I\'m trying to learn about mutable/immutable classes and I came across this post
Part of the answer provided was:
If you want to enforce immu
If you want to enforce immutability, you cannot have subclasses.
This is almost true, but not entirely. To restate it:
If you want to enforce immutability, you must ensure that all sub-classes are immutable.
The problem with allowing subclassing is that normally anyone who can author a class can subclass any public non-final class.
But all subclasses must invoke one of their super-class's constructors. Package-private constructors can only be invoked by subclasses in the same package.
If you seal packages so that you control which classes are in your package, you can constrain subclassing. First define a class you want to subclass:
public abstract class ImmutableBaseClass {
ImmutableBaseClass(...) {
...
}
}
Since all sub-classes have to have access to the super-constructor, you can ensure all the sub-classes in the package you define follow immutable discipline.
public final class ImmutableConcreteClass extends ImmutableBaseClass {
public ImmutableConcreteClass(...) {
super(...);
}
}
To apply this to your example,
public abstract class Employee {
private final Id id;
private final Name name;
// Package private constructor in sub-classable class.
Employee(Id id, Name name, ...) {
// Defensively copy as necessary.
}
}
public final class Accountant extends Employee {
// Public constructos allowed in final sub-classes.
public Accountant(Id id, Name name, ...) {
super(id, name, ...); // Call to super works from same package.
}
}
public final class ITWorker extends Employee {
// Ditto.
public ITWorker(Id id, Name name, ...) {
super(id, name, ...);
}
}
It's worth thinking why immutability is desirable - usually it's because you have data which you need to assume is not going to change. One approach to do this is to make a final Employee class with a non-final member containing the details specific to the subclasses:
public final class Employee {
private final long employeeId;
private final String firstName;
private final String lastName;
private final DepartmentalDetails details;
public Employee(long employeeId, String firstName, String lastName,
DepartmentalDetails details) {
super();
this.employeeId = employeeId;
this.firstName = firstName;
this.lastName = lastName;
this.details = details;
}
}
abstract class DepartmentalDetails {
}
final class AccountantDetails extends DepartmentalDetails {
// Things specific to accountants
}
final class ITDetails extends DepartmentalDetails{
// Things specific to IT
}
final class QualityAssuranceDetails extends DepartmentalDetails{
// Things specific to QA
}
This isn't technically immutable (since an implementer could write a mutable implementation of DepartmentalDetails) but it does encapsulate the mutability, so it gives the same benefits while allowing some extensibility. (This is related to this is the concept of composition vs inheritance, although I don't believe this pattern is how that is normally used.)

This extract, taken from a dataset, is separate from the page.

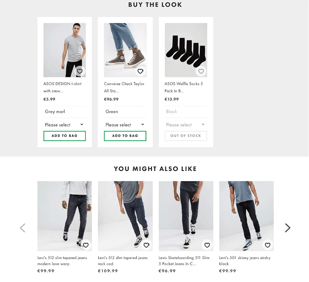 ASOS does a great job of showcasing entire outfits. When a shopper is interested in jeans, ASOS suggests shoes and t-shirts to complete the outfit. Shoppers get a curated ‘look.’

One other possibility I think is worth considering - you could make the three subclasses as you suggest, make them all final, and stick a big comment on the abstract class saying all implementations should be immutable. It's not bulletproof, but on a small development project the complexity saving is likely to be worth the tiny risk.
java.lang.String
is special, very special - it's a basic type used everywhere. In particular, java security framework heavily depends on Strings, therefore it is critical that everybody sees the same content of a String, i.e. a String must be immutable (even under unsafe publication!) (Unfortunately a lot of people blindly apply those strict requirements of String to their own classes, often unjustified)

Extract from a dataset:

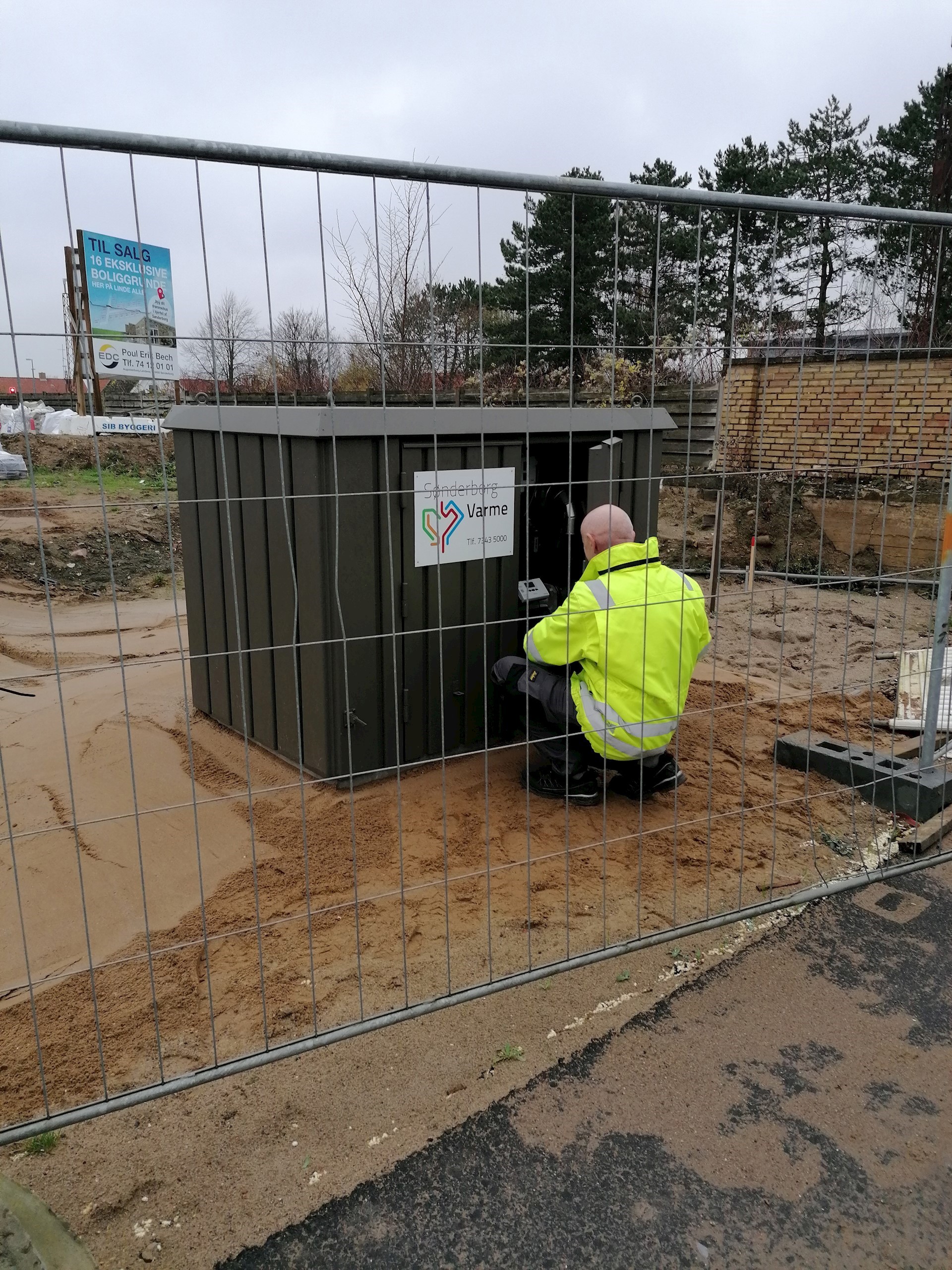 Påsætning af skilt på vores teknikhus for lavtemperatur-fjernvarme.

Even so, it's not really a big deal if String can be subclassed, as long as all methods in String are final, so that a subclass cannot mess with what a String is supposed to be like. If I'm accepting a String, and you give me a subclass of String, I don't care what you do in the subclass; as long as the content and the behavior of the String superclass is not tempered with.

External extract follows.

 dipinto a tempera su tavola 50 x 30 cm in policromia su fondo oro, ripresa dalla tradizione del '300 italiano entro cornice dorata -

Of course, being such a basic type, it's wise to mark String
as final to avoid all confusions.
In your use case, you can just have an abstract Employee, and make sure all subclasses are implemented as immutable. Any Employee object, at runtime, must belong to a concrete subclass, which is immutable.
If, you cannot control who subclasses Employee, and you suspect that they are either morons that don't know what they are doing, or villains that intend to cause troubles, you can at least protect the part in Employee so that subclasses cannot mess it up. For example, the name of an Employee is immutable no matter what subclass does -
final String name;
protected Employee(String name) { this.name = name; }
public final String getName(){ return name; } // final method!
However, such defensive design is often unjustified in most applications by most programmers. We don't have to be so paranoid. 99% of coding are cooperative. No big deal if someone really need to override something, let them. 99% of us are not writing some core APIs like String or Collection. A lot of Bloch's advices, unfortunately, are based on that kind of use cases. The advices are not really helpful to most programmers, especially new ones, churning out in-house apps.